ということで、サティの生誕150年のメモリアル、バレエピアノと聴いて来て、サティの影響を受け、サティから派生した興味深い音楽も聴いてみようかなと... スーパー・トロンボニストにして、作曲家でもある、マイク・スヴォボダが、時空を越えてサティと異色のコラヴォレーション?現代からのサティの翻案、"phonométrie"(WERGO/WER 6806)を聴く。

トロンボーンという楽器は、どこかユーモラスな印象がある。スライドが、びよーんと伸び縮みするあたり、何か生き物っぽい?一方で、そのサウンドは、スライドが象徴するように、縦横無尽でもあり、オーケストラを後ろから勇壮に盛り立てるばかりでない、様々な表情を紡ぎ出して、ただならない。が、そういうトロンボーンという楽器の特性は、なかなかスポットが当たり難いのも事実。だからだろうか、ソロとして活躍するトロンボーン奏者は、どこかひねたイメージを受ける?驚くべきテクニックを駆使して、ちょっとマニアックに、個性的な音楽を紡ぎ出す曲者が多いような... もちろん、レパートリーの問題も大きいだろうけれど... そうした部の悪さも含めて、普段、あまり注目されないトロンボーンという楽器に改めて焦点を合わせれば、ちょっと怪しげで、危険な臭いを漂わせ、魅惑的... というトロンボーンで、サティを鳴らしてみたら?というアルバム、"phonométrie"。
トロンボーンのマエストロにして、作曲家でもあるスヴォボダが、アコーディオンの鬼才、フッソングを招き、メッゾ・ソプラノのクリューガーのヴォーカルで織り成す、不思議な世界。それは、サティの『スポーツと気晴らし』が核となっているのだけれど、それだけには留まらず... 序曲と20曲からなるピアノのための小曲集、『スポーツと気晴らし』には、それぞれのナンバーに、サティによるユーモラスなコメントが寄せられていて、そこに目を付けたスヴォボダ... 20のスポーツと気晴らしについてのコメントに音楽を付けてしまい、『20のフランスの歌』として、『スポーツと気晴らし』に挿み込み、まるでサティとの対話を試みるかのよう。

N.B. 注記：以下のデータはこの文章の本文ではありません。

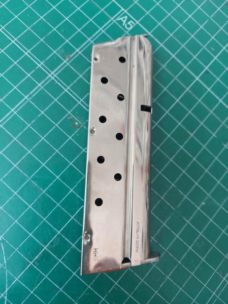 Vendo cargador 1911 9pb Mecgar terminación en inox. muy poco uso, prácticamente nuevo.
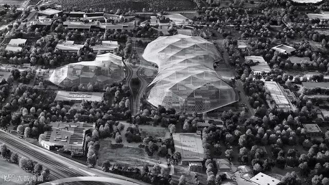 BIG 和 Thomas Heatherwick 为 Google 设计了可移动的半透明玻璃帐篷群。Google 在 2015 年的一篇官方博客中做出说明,“不同于建造一个无法移动的钢筋水泥块,我们将创造一个轻质的、模块化的可移动的建筑体,半透明的帐篷内是可控的气温湿度,树木、景观、咖啡吧和自行车道穿过这些建筑体”,他们试图打破建筑与自然之间的明确分界。与之类似,NBBJ 为亚马逊在西雅图设计的总部则直接建造了三个玻璃穹顶,在巨型温室内再造自然。
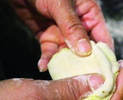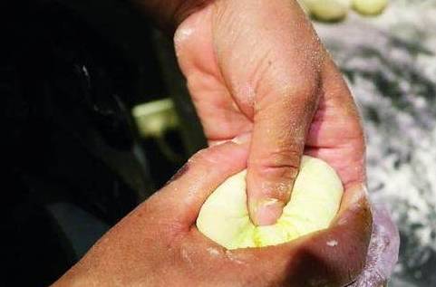 6、左手拇指向内按压,把收口藏入面中。
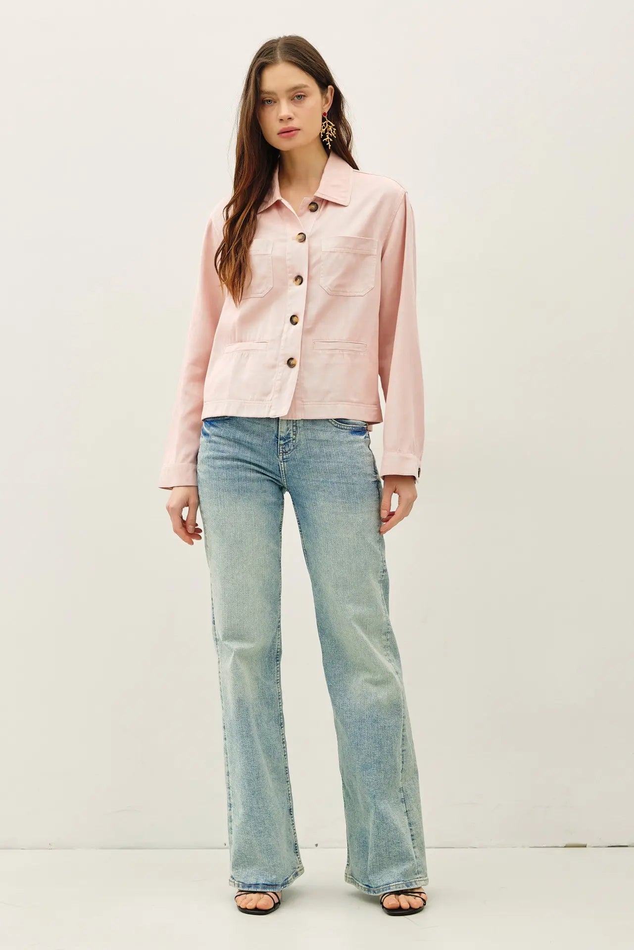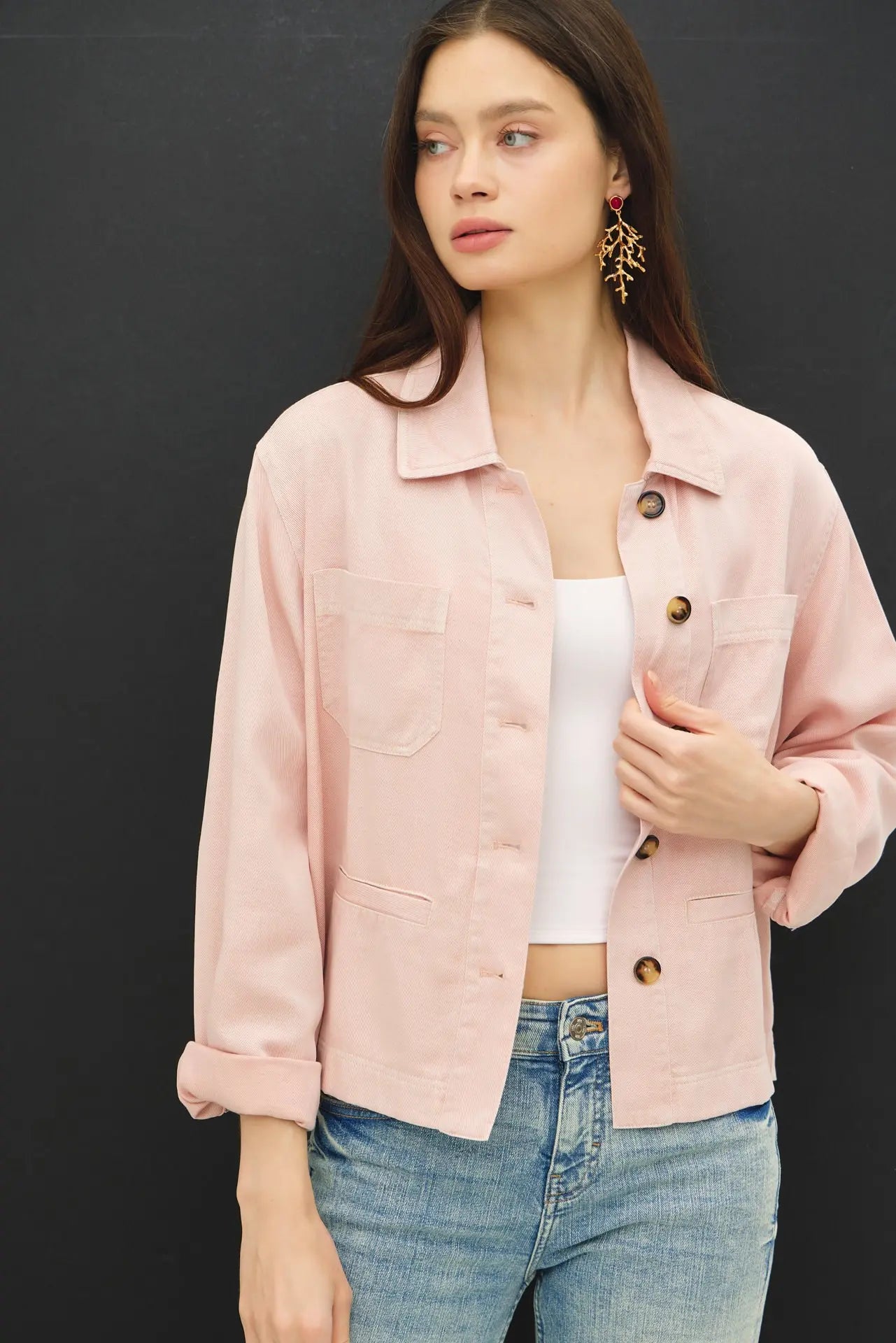 Soft cotton peony pink jacket. With pockets.

それでいて、オリジナルのピアノを、トロンボーンはもちろん、アコーディオンに、バレル・オルガン、さらにはトイ・ピアノ、メロディカまで用いるキテレツなアレンジで繰り広げるスヴォボダ... 一見、かわいい音色が並ぶようで、その「かわいい」に、グロテスクさも籠められるところがあり、飄々とした『スポーツと気晴らし』の表情が毒づいて聴こえて来るところも... いや、世紀末、オカルトに心酔したサティの仄暗さが引き込まれるようでもあり、どこか謎めき、時に呪術的?とはいえ、それは、コックリさん的スケール感... ダークで、チープ、何とも摩訶不思議なるスヴォボダ・ワールドに変換される。
さて、『スポーツと気晴らし』/『20のフランスの歌』は、前半の10セット(track.1-20)と、後半の10セット(track.36-54)に分けられ、その間に、やはりスヴォボダによってアレンジされたサティの歌曲集『潜水人形』(track.22-26)、最後から2番目の思想(track.27-29)、3つの恋愛詩(track.30)が取り上げられ、これがまた絶妙にいい味を醸す。そして、その前後には、バレル・オルガンによるスタディ、1番、「スピード」(track.21)と、トロンボーンとアコーディオンによる5つのカノン・スタディ(track.31-35)という、スヴォボダの作品が置かれ、いい具合にスパイスを効かせる。スヴォボダのトロンボーン奏者としての響きへの鋭敏な感性が、特殊な楽器の個性を鮮やかに引き出していて、その鮮やかさでもって、飄々と、人を食ったサティ的なる世界を鳴らし切り、おもしろい!で、それが、サティの音楽に共鳴し、聴く者を異次元へと誘うのか... いや、これこそがサティ・ワールドの到達点に思えて来る。ダークで、チープで、ユルめに、ポップ!サティの精神=エスプリを見事に増幅し、際立たせたのが、スヴォボダによるアルバム、"phonométrie"と言えるのかもしれない。
で、それを生み出した、スヴォボダのテクニックが、やっぱり凄い!特殊奏法も取り入れての、自由自在さ... それを支えるフッソングのアコーディオンも、また水際立っていて... 時に、スっ惚けて、気だるく、かと思えばキレまくっていて、恐るべきテクニックと、遊びと... キテレツも、この2人に掛かると、とんでもないものに仕上がって来る。そんな曲者2人を相手に、ヴォーカルのクリューガーも、摩訶不思議な世界を器用に歌い、絶妙に不思議ちゃんになり切って、色を添える。で、このヘンテコを極めた豊かな風景が、たった3人で描かれていることに驚かされる。サティも含め、強い個性が結集し、再創造される音楽というのは、普段のクラシックでは考えられないような、極めて魅惑的な存在感を放つ。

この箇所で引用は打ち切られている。